Assigned task —
Where the records below show a line containing "Passenger GP9 3002", start copying; end with the line containing "2025新款中长款羽绒服女连帽加厚宽松大口袋保暖外套冬", and copy it too.

Available records —
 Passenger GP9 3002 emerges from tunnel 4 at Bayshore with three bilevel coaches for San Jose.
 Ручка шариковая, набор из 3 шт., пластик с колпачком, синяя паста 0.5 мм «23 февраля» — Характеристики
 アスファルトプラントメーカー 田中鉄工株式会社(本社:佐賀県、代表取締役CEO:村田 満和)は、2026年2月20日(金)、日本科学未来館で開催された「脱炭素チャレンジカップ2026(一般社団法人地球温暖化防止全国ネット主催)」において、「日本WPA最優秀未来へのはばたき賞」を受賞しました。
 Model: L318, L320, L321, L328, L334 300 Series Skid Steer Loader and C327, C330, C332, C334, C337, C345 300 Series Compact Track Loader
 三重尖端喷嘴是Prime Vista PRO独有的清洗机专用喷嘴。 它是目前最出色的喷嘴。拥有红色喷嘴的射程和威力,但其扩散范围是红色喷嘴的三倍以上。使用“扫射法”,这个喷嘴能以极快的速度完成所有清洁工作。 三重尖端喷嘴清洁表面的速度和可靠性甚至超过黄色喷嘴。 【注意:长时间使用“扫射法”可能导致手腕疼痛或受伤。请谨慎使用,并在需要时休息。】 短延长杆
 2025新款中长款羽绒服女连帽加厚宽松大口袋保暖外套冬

...

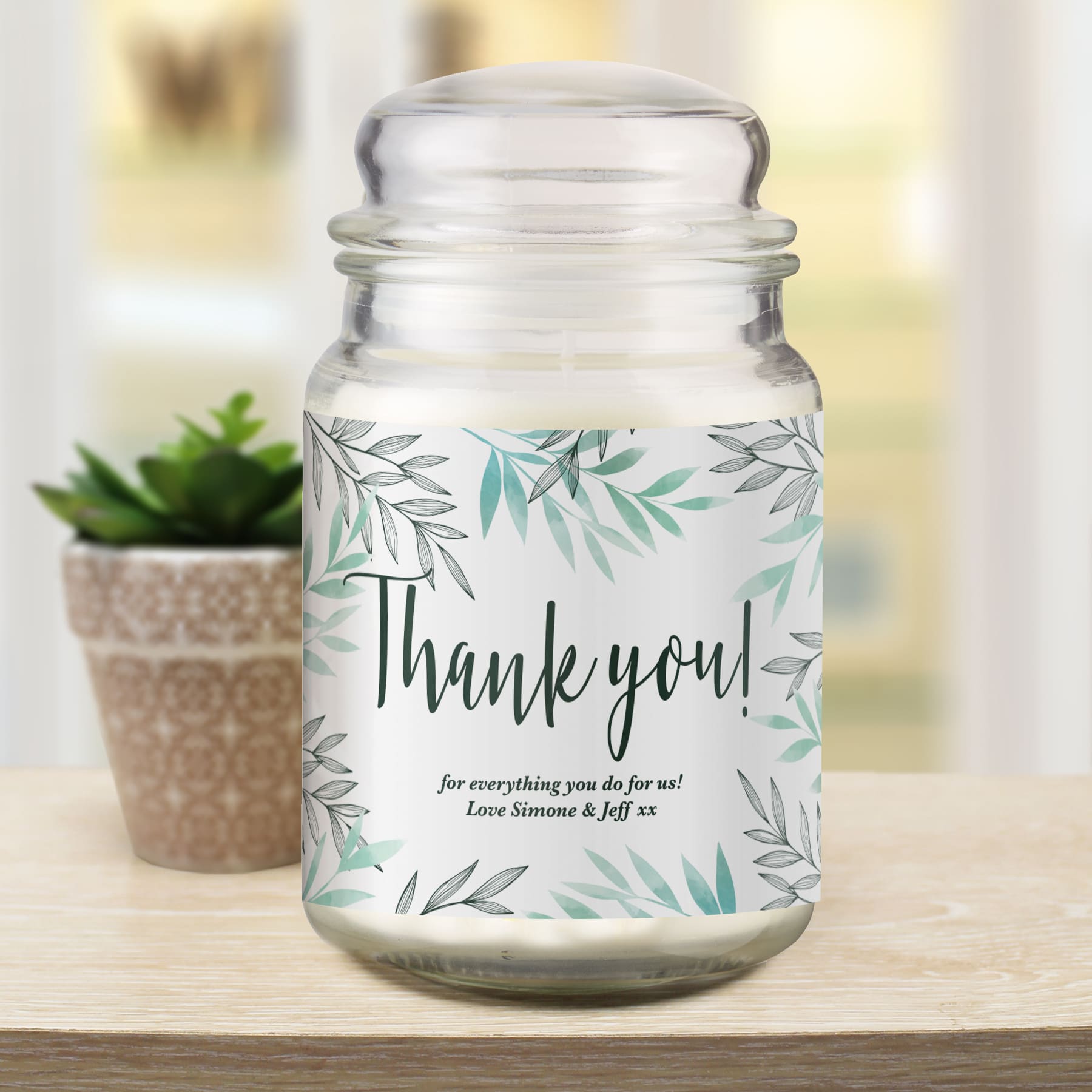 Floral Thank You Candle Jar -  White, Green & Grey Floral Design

Your response —
 Passenger GP9 3002 emerges from tunnel 4 at Bayshore with three bilevel coaches for San Jose.
 Ручка шариковая, набор из 3 шт., пластик с колпачком, синяя паста 0.5 мм «23 февраля» — Характеристики
 アスファルトプラントメーカー 田中鉄工株式会社(本社:佐賀県、代表取締役CEO:村田 満和)は、2026年2月20日(金)、日本科学未来館で開催された「脱炭素チャレンジカップ2026(一般社団法人地球温暖化防止全国ネット主催)」において、「日本WPA最優秀未来へのはばたき賞」を受賞しました。
 Model: L318, L320, L321, L328, L334 300 Series Skid Steer Loader and C327, C330, C332, C334, C337, C345 300 Series Compact Track Loader
 三重尖端喷嘴是Prime Vista PRO独有的清洗机专用喷嘴。 它是目前最出色的喷嘴。拥有红色喷嘴的射程和威力,但其扩散范围是红色喷嘴的三倍以上。使用“扫射法”,这个喷嘴能以极快的速度完成所有清洁工作。 三重尖端喷嘴清洁表面的速度和可靠性甚至超过黄色喷嘴。 【注意:长时间使用“扫射法”可能导致手腕疼痛或受伤。请谨慎使用,并在需要时休息。】 短延长杆
 2025新款中长款羽绒服女连帽加厚宽松大口袋保暖外套冬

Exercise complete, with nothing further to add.